Nos parece que as razões da Autoridade foram de extrema ponderação e se coadunam com as necessidades de fato dos agentes de tratamento em que pese a possível dispensa do consentimento.

19/10/2022

Em relação à tomada de subsídios que foi aberta pela Autoridade Nacional de Proteção de Dados acerca do tratamento de dados de crianças, procuramos compartilhar a visão do PK Advogados acerca do estudo técnico que foi feito para embasar a proposta de enunciado que consta no material disponibilizado pela ANPD.

O estudo técnico que, embora robusto, nos traz uma linguagem extremamente acessível a qualquer leitor, traz em seu bojo as vertentes que tratam sobre a base legal para o tratamento de dados pessoais, que são: a) Mais conservadora: O tratamento do dado pessoal de criança só pode ser feito com base no consentimento tratado no art. 14 §1º da LGPD; b) Meio termo: Dados de crianças devem ser equiparados a dados sensíveis, com observância do tratamento às bases legais do art. 11 da LGPD; c) Agregadora: Busca compatibilizar o tratamento do dado de criança com outras bases legais.

O estudo técnico feito, se coaduna com a terceira vertente, por diversos fundamentos e, em razão deles, foi elaborado o esboço de enunciado que “O tratamento de dados pessoais de crianças e adolescentes poderá ser realizado com base nas hipóteses legais previstas no art. 7º ou, no caso de dados sensíveis, no art. 11 da Lei Geral de Proteção de Dados (LGPD), desde que observado o seu melhor interesse, a ser avaliado no caso concreto, nos termos do caput do art. 14 da lei.”

Na esteira do que as Jornadas de Direito Civil de 20221 já trouxeram, nos parece que a pedra de toque é o melhor interesse da criança, o que, nos termos do estudo técnico da ANPD, que citou os Comentário Geral 25 sobre os direitos das crianças em relação ao ambiente digital, do Comitê dos Direitos da Criança da ONU, “melhor interesse” trata-se de um conceito dinâmico que deve ser avaliado no contexto fático do tratamento de dados pessoais.

É de se notar ainda e, na linha do que esse escritório sempre concordou, em que pese o consentimento tenha sido criado como ferramenta para controle dos dados pessoais pelo seu titular ou responsável legal, é notório que na prática esse controle jamais existiu, haja vista que o Marco Civil da Internet sempre trouxe tal ferramenta em seu art. 7º e, não é surpresa que o brasileiro médio jamais tenha tomado conhecimento a respeito disso e, muito ao contrário, as empresas jamais tomaram o devido cuidado para que de fato o consentimento válido fosse coletado para o tratamento dos dados.

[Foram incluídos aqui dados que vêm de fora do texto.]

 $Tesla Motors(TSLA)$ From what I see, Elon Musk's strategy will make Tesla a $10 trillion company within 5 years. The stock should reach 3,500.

Outro fato que ressalta a postura ponderada da ANPD no estudo técnico, é de que restringir o tratamento dos dados de crianças ao consentimento de quem quer que seja, implicaria em conflitos que, ao contrário do que a lei preconiza, somente prejudicariam o melhor interesse da criança, visto que, usando o mesmo exemplo adotado pela Autoridade, para o cadastro da criança para acesso ao wi-fi de um ambiente escolar, seria necessário o consentimento, o que poderia impedir o acesso a tal ferramenta.

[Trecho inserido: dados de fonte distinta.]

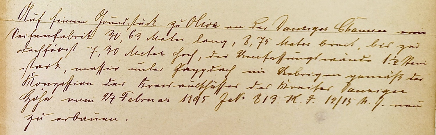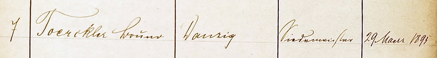 Bruno Toeckler. Baukonholle Oliva IXX. Wpis z 29. 03. 1895. Przekazała Grażyna Niemyjska.

Aliado a isso, este escritório tem visto com certa frequência que as empresas têm enfrentado desafios na prática em que o interesse da criança estaria claramente atendido a exemplo de a) A criança ser beneficiária de um seguro de vida; b) A criança ser beneficiária da remessa internacional de dinheiro, muitas vezes feita pelo próprio representante legal; c) Contratação de plano de saúde; d) Tratamento de dados de crianças para fins de imposto de renda; e) Inclusão de criança em benefício de empregado como dependente; f) Comunicação à Autoridade competente acerca de maus tratos realizados pelos pais ou responsável legal.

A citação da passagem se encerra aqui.